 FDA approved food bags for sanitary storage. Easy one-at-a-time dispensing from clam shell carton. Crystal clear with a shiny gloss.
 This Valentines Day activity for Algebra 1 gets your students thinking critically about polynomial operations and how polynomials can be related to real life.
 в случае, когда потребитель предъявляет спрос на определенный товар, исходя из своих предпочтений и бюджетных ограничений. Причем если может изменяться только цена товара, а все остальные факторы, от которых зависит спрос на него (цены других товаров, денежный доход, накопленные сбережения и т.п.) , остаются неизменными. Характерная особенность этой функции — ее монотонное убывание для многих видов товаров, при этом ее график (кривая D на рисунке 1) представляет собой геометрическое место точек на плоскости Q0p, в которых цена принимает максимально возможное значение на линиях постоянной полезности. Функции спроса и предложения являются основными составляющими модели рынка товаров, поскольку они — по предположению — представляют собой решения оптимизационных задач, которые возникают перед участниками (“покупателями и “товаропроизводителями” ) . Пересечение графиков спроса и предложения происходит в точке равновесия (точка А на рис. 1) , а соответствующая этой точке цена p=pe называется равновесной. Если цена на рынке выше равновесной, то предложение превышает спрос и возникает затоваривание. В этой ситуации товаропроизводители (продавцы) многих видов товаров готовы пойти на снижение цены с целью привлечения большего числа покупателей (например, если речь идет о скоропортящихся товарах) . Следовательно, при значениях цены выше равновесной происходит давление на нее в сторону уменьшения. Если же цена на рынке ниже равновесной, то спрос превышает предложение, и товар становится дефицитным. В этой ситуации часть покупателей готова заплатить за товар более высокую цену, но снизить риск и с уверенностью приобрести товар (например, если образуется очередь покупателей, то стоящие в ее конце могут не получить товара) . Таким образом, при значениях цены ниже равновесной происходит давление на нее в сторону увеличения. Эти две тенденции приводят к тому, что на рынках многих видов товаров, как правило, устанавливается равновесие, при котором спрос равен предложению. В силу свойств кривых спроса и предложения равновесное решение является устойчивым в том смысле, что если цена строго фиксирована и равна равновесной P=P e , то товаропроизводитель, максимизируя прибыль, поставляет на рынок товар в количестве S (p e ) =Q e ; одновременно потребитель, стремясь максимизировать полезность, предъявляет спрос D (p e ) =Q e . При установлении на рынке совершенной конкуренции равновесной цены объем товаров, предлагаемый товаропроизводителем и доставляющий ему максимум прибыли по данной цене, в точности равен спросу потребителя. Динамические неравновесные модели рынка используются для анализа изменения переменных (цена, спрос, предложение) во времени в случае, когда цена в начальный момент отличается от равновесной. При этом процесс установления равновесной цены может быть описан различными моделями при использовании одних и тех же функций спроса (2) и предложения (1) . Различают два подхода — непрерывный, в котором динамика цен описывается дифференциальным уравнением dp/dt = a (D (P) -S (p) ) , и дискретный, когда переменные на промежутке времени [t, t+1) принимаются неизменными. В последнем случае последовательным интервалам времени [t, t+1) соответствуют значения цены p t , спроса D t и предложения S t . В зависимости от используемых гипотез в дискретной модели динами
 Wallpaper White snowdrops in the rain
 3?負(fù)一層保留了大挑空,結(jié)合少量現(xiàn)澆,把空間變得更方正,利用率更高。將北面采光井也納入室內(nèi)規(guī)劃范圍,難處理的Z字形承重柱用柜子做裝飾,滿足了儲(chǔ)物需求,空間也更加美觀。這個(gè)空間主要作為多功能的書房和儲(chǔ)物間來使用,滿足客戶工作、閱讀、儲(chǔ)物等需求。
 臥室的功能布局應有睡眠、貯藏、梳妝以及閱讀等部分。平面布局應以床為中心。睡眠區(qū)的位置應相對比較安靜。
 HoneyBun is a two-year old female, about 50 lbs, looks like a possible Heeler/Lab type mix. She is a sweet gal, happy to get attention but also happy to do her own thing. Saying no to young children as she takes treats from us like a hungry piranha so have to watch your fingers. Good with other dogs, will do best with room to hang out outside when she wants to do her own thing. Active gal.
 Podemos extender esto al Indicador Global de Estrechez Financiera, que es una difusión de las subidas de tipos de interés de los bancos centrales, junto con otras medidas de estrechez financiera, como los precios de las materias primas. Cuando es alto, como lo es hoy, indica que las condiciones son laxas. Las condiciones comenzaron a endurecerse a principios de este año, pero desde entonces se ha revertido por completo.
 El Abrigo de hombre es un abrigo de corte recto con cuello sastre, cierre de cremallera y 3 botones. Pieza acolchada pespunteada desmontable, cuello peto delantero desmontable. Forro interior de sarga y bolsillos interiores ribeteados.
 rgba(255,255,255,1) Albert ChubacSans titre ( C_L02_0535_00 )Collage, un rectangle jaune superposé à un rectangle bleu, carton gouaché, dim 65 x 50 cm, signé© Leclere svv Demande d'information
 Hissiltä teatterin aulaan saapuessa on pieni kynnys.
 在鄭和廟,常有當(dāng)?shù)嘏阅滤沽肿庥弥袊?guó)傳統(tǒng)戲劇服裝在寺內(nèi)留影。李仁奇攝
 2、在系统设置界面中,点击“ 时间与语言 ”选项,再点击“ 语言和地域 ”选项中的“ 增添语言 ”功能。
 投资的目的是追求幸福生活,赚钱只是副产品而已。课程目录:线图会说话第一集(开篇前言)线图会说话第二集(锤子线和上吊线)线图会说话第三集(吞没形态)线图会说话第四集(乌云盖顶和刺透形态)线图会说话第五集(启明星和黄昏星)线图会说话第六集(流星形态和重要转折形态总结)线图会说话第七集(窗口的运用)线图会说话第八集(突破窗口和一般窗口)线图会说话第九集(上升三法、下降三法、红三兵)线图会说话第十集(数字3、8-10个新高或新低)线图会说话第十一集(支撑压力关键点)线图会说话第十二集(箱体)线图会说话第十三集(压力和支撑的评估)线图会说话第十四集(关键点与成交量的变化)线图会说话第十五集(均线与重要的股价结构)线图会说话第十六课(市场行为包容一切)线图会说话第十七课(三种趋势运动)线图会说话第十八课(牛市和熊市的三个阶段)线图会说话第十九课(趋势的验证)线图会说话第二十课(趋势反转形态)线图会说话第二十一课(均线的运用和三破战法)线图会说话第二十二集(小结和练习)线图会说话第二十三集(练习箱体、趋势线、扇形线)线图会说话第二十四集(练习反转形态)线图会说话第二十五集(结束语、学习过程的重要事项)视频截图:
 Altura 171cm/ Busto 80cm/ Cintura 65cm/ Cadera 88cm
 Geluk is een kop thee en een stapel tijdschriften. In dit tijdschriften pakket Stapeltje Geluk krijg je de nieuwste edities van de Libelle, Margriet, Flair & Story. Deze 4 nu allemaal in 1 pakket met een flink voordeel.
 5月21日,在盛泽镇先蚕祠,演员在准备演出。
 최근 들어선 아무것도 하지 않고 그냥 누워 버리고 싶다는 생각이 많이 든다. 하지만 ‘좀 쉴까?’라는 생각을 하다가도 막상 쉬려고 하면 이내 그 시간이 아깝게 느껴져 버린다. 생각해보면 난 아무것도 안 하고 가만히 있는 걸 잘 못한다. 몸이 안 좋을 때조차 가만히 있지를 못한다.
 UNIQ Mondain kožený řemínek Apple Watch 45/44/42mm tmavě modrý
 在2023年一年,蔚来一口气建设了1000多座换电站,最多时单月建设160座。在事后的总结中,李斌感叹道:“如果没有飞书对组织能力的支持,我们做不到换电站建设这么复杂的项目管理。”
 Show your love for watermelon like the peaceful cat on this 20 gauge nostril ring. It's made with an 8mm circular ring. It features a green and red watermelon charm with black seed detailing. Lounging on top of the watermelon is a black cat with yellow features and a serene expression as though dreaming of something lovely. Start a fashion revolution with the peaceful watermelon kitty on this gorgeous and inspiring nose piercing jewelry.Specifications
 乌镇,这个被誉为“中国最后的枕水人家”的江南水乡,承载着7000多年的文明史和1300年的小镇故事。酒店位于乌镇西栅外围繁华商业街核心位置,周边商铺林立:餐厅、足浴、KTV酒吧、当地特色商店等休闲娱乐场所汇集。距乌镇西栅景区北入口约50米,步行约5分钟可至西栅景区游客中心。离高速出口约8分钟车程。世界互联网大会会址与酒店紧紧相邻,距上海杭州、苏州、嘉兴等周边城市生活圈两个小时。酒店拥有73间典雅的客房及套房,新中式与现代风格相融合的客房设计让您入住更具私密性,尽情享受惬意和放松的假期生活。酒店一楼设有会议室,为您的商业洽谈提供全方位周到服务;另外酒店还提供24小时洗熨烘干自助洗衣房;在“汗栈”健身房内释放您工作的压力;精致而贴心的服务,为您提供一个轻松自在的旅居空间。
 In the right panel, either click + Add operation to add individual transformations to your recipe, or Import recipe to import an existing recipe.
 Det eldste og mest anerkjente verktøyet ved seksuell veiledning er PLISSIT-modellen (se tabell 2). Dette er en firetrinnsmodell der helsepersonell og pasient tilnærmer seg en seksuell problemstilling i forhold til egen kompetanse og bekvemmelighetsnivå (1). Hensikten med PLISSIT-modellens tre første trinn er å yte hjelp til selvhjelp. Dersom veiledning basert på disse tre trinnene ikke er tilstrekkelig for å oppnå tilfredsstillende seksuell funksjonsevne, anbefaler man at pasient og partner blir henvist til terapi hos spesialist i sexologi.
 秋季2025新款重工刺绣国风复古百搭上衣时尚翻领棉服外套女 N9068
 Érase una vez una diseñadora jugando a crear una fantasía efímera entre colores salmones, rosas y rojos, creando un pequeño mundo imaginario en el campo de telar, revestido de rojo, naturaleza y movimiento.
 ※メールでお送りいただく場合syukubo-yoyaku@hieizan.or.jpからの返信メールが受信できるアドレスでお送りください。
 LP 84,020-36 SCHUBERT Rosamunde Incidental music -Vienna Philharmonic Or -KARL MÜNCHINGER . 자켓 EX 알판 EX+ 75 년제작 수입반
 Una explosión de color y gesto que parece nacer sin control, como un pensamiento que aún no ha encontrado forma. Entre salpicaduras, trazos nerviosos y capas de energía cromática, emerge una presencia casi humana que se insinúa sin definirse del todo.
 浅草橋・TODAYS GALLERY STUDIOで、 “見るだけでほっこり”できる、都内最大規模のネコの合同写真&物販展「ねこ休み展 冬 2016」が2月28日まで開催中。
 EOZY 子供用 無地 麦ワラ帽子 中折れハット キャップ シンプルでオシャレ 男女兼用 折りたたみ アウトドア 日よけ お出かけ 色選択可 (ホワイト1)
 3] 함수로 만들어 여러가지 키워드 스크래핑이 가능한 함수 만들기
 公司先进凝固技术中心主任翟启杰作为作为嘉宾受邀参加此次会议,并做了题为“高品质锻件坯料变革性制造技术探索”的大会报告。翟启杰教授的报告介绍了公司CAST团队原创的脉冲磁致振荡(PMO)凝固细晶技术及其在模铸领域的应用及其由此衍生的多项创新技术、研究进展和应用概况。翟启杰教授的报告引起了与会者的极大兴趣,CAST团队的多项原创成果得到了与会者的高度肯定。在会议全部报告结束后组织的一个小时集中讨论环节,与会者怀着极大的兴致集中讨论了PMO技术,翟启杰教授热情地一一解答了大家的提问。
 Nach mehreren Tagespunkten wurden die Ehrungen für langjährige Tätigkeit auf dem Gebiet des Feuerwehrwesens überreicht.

| Assignment |
Could you return, word for word, only the lines running from the first line of the material above to the line that contains "This Valentines Day", inclusive?

| Answer |
 FDA approved food bags for sanitary storage. Easy one-at-a-time dispensing from clam shell carton. Crystal clear with a shiny gloss.
 This Valentines Day activity for Algebra 1 gets your students thinking critically about polynomial operations and how polynomials can be related to real life.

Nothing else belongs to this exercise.